В комнату зашли. Я увидела девушку, одетую в чёрное платье и фартук; на голове у неё был белый чепец. Она несла таз с водой, а через плечо было перекинуто полотенце. Когда она подошла ко мне, то заметила, что я пялюсь на неё.
— Мадам, вы очнулись! — на глазах девушки навернулись слёзы. Она быстро поставила таз на прикроватную тумбочку и подорвалась ко мне, схватив за руки. — Почему вы опять это сделали?!
Я порядком удивилась.
— Сделала… что? — язык еле ворочался.
— Мадам?.. — текущие по щекам девушки слёзы остановились. Она широко распахнула глаза в неверии: — Вы меня не узнаёте?..
Я покачала головой. Ситуация казалась мне всё страннее и страннее. Я попала в какое-то шоу-прикол? А то со стороны так и выглядит. Хотя нет, тело слишком ватное, организаторов бы засудили за вред здоровью.
— Как же так… Мадам… Хнык… — И девушка снова заплакала.
— Тише, тише, — взмолилась я, пальцами хватая её за руку, которой она держала меня. — Лучше объясни мне, где я и кто я, а слёзы полить ты ещё успеешь. И да, тебя саму-то как звать?
— Мадам, вы так странно говорите… — всхлипнув, девушка выдохнула. — Я Роза, ваша камеристка. Я всегда вас сопровождаю и помогаю одеться. Вы даже это забыли?
Камеристка, камеристка… Память подсказала, что это что-то вроде личной горничной. Компаньонка и поверенная у благородных леди. Вот только когда я успела стать благородной леди? Ещё вчера я…
Голову сдавило от невыносимой боли. В висках застреляло, в ушах засвистело, да так, что к горлу подкатил рвотный ком.

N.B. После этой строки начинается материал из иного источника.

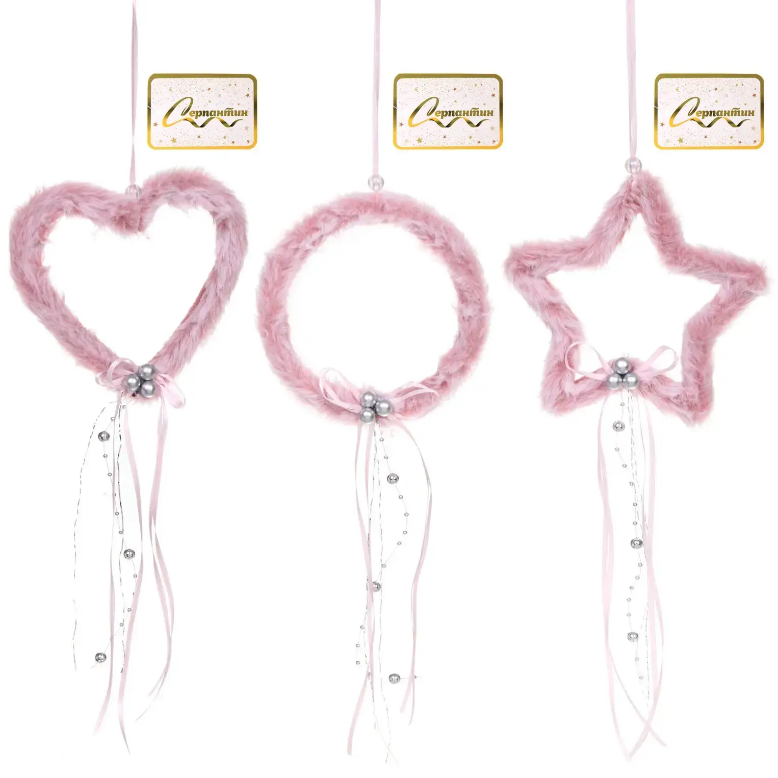 Подвесное украшение «Сказочные фигуры» — это идеальный способ добавить нотку волшебства в ваш интерьер или праздничное оформление. Выполненное в нежном розовом цвете, это украшение станет ярким акцентом в любом пространстве, создавая атмосферу уюта и радости.

— Мадам?! Я позову доктора!
Девушка сорвалась с места и умчалась за пределы комнаты. Балдахин и шторы колыхались после того, как этот маленький вихрь по имени Роза пропал. Настала блаженная тишина. Приступ отступил, и вместе с ним в голове прояснилось. Имени своего я не вспомнила, но вспомнила, что мне двадцать семь лет, у меня есть родители и любимая кошка. Здоровье всегда было не ахти, а в последние несколько лет испортилось вконец. У меня постоянно болел желудок, стоило съесть что-то тяжёлое, кровяное давление скакало из-за атмосферных перепадов, а потом ещё начались проблемы со спиной и шеей. Вчера было особенно хреново: кровяное давление было очень низкое, почти как у трупа.
— Я что, всё-таки окочурилась и очнулась в Аду? — хохотнула я.
Ну да, только я могла так спокойно отреагировать на происходящую хренотень. Мне всегда всё было, как с гуся вода. Жизнь ставила меня в неудобную коленно-локтевую позу и беспардонно трахала и так, и эдак. Сейчас я даже не удивлена тому факту, что мертва. Это понимание укрепилось в моём сознании, когда головная боль и тошнота схлынули.
В комнату вбежал мужчина с чемоданчиком. Позади него влетела перепуганная вусмерть Роза.
— Мадам, как вы себя чувствуете? — присев на край кровати, спросил, судя по всему, доктор.
— Тело не слушается, — охотно ответила я.
— Позвольте… — И доктор взял мою руку, принявшись считывать пульс.
После этого проверил зрачки. И попросил последить за пальцем, что я послушно выполнила, позволяя ему выполнять свою работу.
— Что из последнего вы помните? — закончив осмотр, спросил меня он.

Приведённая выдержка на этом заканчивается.